Art was one of the few things she did enjoy and she was surprisingly knowledgeable about it. When she was young, a man had come to the house where she lived with her adoptive parents and left the photo, signed and framed, of the artist sitting in a corner of his studio wearing work boots, jeans and his trademark fisherman’s vest. Under the brim of his hat, Beuys looked sad and slightly worried. His eyes had a haunted look. Her adoptive parents had told her that the photo had belonged to her father and that she should have it. It was the only thing of his that she owned.

She unrolled her futon mattress and lay on it, staring at the ceiling. She ought to be visiting Whiteside’s parents to try to talk them out of their decision, but she feared her temper. There were times when she envied Anderson’s freedom of action. He would have made them an offer they couldn’t refuse. But Hanlon knew she could never physically assault a couple in their sixties. That being the case, there was no point threatening them. Like Anderson, Hanlon didn’t make threats.

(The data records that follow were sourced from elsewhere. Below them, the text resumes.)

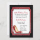 Chic Ladys Geburtstagsfeier in Weiß mit einem roten Glitzer und schwarzem Rahmen. Die Grafik eines Paares von roten Glitzer Stiletto hohen Absätzen, schmücken die untere links Ecke der Einladung. Personalisieren Sie den gesamten Text für Ihre kommende Veranstaltung.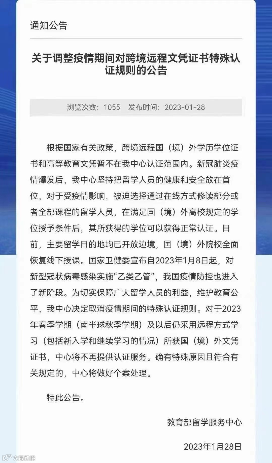 1月28日,教育部留学服务中心发布《关于调整疫情期间对跨境远程文凭证书特殊认证规则的公告》。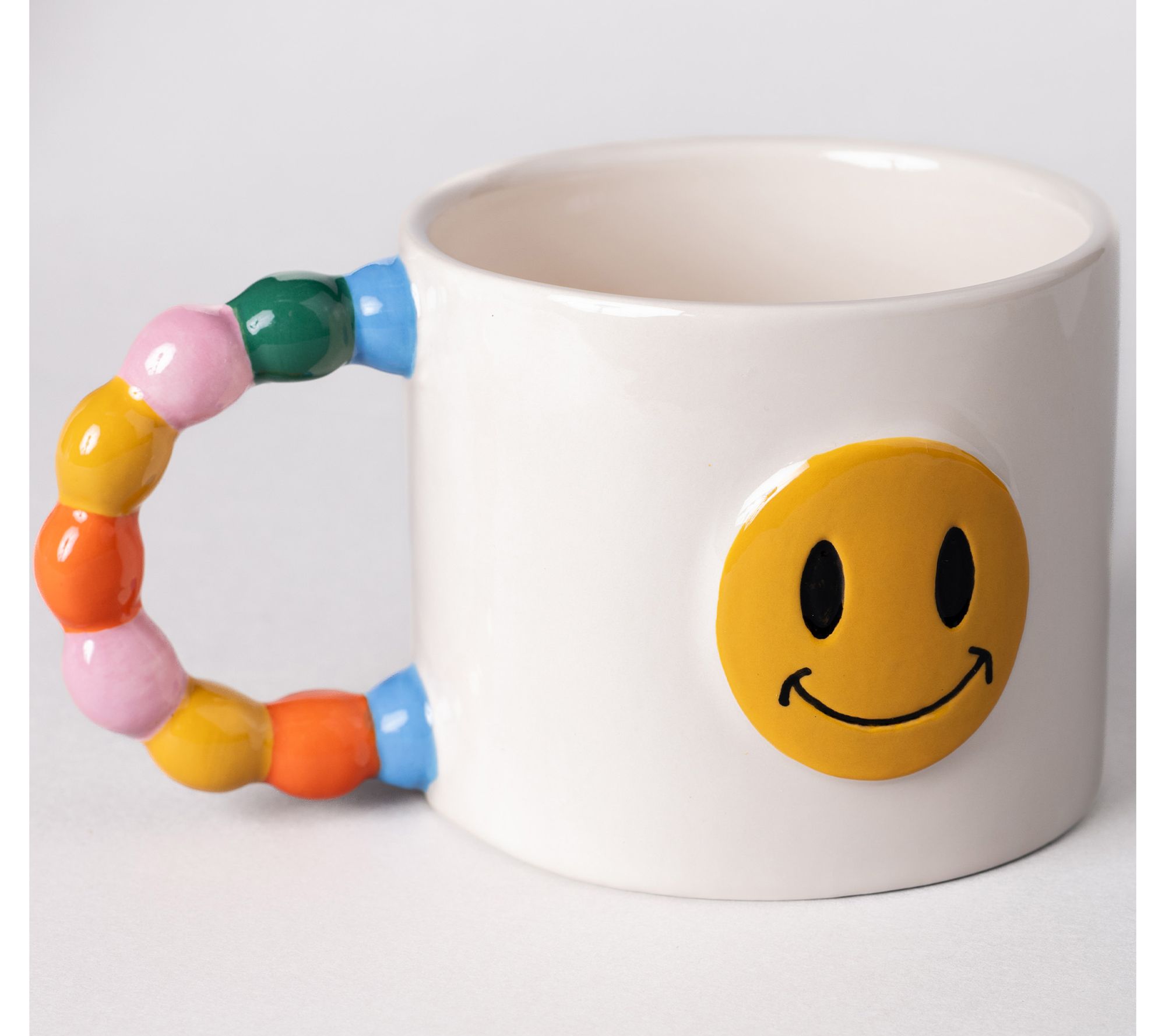 Morning routines feel brighter when sipping your coffee or tea from this ceramic Smiley Face mug, featuring playful three-dimensional details and vibrant colors. The cheerful rainbow handle brings a pop of fun to every sip, making it an easy favorite for starting your day or sharing a laugh with friends. From ban.do.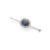 The oval-cut sapphire, within an old brilliant-cut diamond surround, to a later polished bar brooch, sapphire approx. 2.80 carats, diamonds approx. 1.10 carats total, width 5.0cm, cased

Their method was to point out to the other person the consequences of non- obedience.

It was then up to that person to choose their fate.

For lack of anything better to do, she took her phone out and texted Dame Elizabeth to see if they were still OK for their meeting.

Dame Elizabeth responded almost immediately in the affirmative, seven p.m., then she added casually:

I think I might be able to tell you something about your father, if you’re interested.

Hanlon stared in disbelief at the screen. She read the message again to make sure there was no confusion on her part, that she hadn’t somehow misunderstood.

. . . if you’re interested.

Well, that would be a classic understatement.

All her conscious life, since she could remember, she’d wanted to know more about the man whose surname she bore and, paradoxically, almost just as strong was the desire not to know. Everyone else knew where they came from it seemed, but she did not. She had no parents, no siblings, no family. Nothing.

Sometimes this was a thing of pride, sometimes a source of unhappiness.

Then again, she was honest enough to realize that she almost certainly could have found out if she’d so chosen. There would be public records to consult, established procedures for this kind of thing, existing protocols. She could even have used police resources, blind eyes would have been turned, and lastly she could have utilized the network of people who owed her favours, or simply did her bidding.

She’d done none of those things. She wondered if at the back of this lay cowardice. The worry that she might discover some highly unpalatable truth about her parentage. What if her father had turned out to be a rapist, a worthless junkie, insane? She already knew she had a mother crazed enough to commit suicide, that much her adoptive parents had told her.

Even worse maybe, depressingly normal. An accounts clerk with hairy ears and a cardigan.

She’d turned her back on her past, but now the past had risen to claim her. As Dame Elizabeth had found out, you can ignore the truth but it won’t go away.

‘Fine,’ replied Hanlon, tapping the word in. She lay back down on the mattress. Her grey eyes for once lacked their usual angry certainty. Tonight would be the first time in her life that anybody had told her anything about her father.

If I’m interested, of course, she thought.